Element wise multiplication

template <int n_row, int n_col><br>void element_multiply(Matrix<n_row, n_col> * mat1, Matrix<n_row, n_col> * mat2) {
  for(int i = 0; i < n_row; i++) {
    for(int j = 0; j < n_col; j++) {
      (*mat1)(i,j) = (*mat1)(i,j) * (*mat2)(i,j);
    }
  } 
}

transpose(W) * x_t

In my case, x_t is (3,1) and W is (3, 50).

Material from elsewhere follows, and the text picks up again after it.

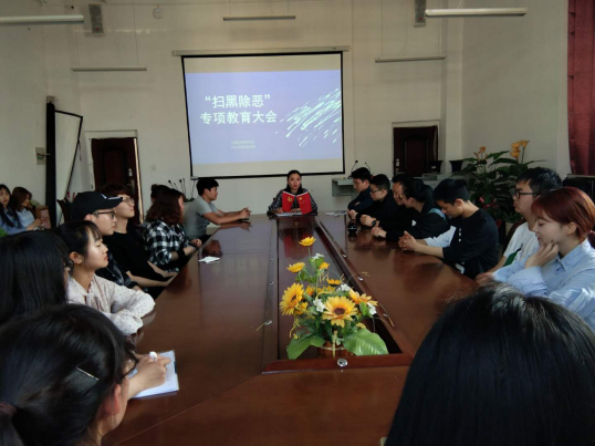 各年级组织召开扫黑除恶专项斗争主题班会,积极推进“平安校园”建设。

void populate_matrix_col(Matrix<3, 1> * mat, const float pgm_matrix[][50], int col) {
  for (int i = 0; i < 3; i++) {
    (*mat)(i, 0) = pgm_read_float(&pgm_matrix[i][col]);
  }
}
Matrix<50, 1> w_x(Matrix<3,1> operand, const float pgm_matrix[][50]) {
  Matrix<50, 1> ret;
  Matrix<3, 1> rowWeight;
  for (int i = 0; i < 50; i++) {   
    populate_matrix_col(&rowWeight, pgm_matrix, i);
    Matrix<1, 1> sum = (~operand * rowWeight);
    ret(i, 0) = sum(0, 0);
  }
  return ret;
}

transpose(U) * h_(t-1)

In my case, h_(t-1) is (50,1) and W is (50, 50).

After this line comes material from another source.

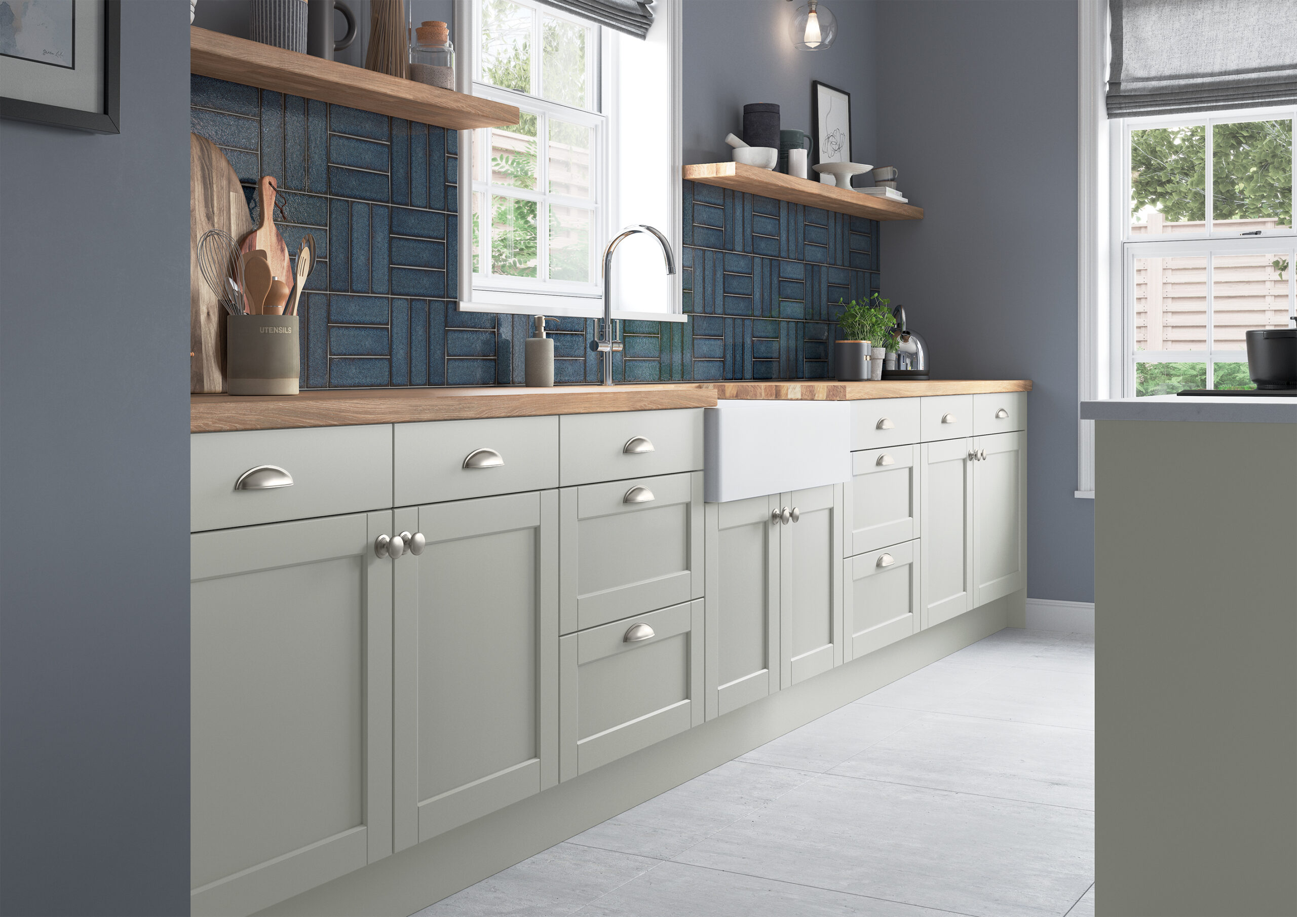 Dawson is a sleek 5-piece shaker door with a 68mm beveled profile and V grooves. It features a durable matte foil finish that mimics paint at a lower cost, offering greater resistance and easier cleaning than most painted doors. A variety of accessories are available for both modern and traditional styles.

void populate_matrix_col(Matrix<50, 1> * mat, const float(* const pgm_matrix[]), int col) {
  for (int i = 0; i < 50; i++) {
    (*mat)(i, 0) = pgm_read_float(&pgm_matrix[i][col]);
  }
}
Matrix<50, 1> u_h(Matrix<50,1> operand, const float(* const pgm_matrix[])) {
  Matrix<50, 1> ret;
  Matrix<50, 1> rowWeight;
  for (int i = 0; i < 50; i++) {   
    populate_matrix_col(&rowWeight, pgm_matrix, i);
    Matrix<1, 1> sum = (~operand * rowWeight);
    ret(i, 0) = sum(0, 0);
  }
  return ret;
}

Furthermore, this Arduino forum post provides a method to show how much SRAM that the program is using at the function call. I have used it to determine whether I need to add optimizations or if I am in the safe zone in terms of RAM.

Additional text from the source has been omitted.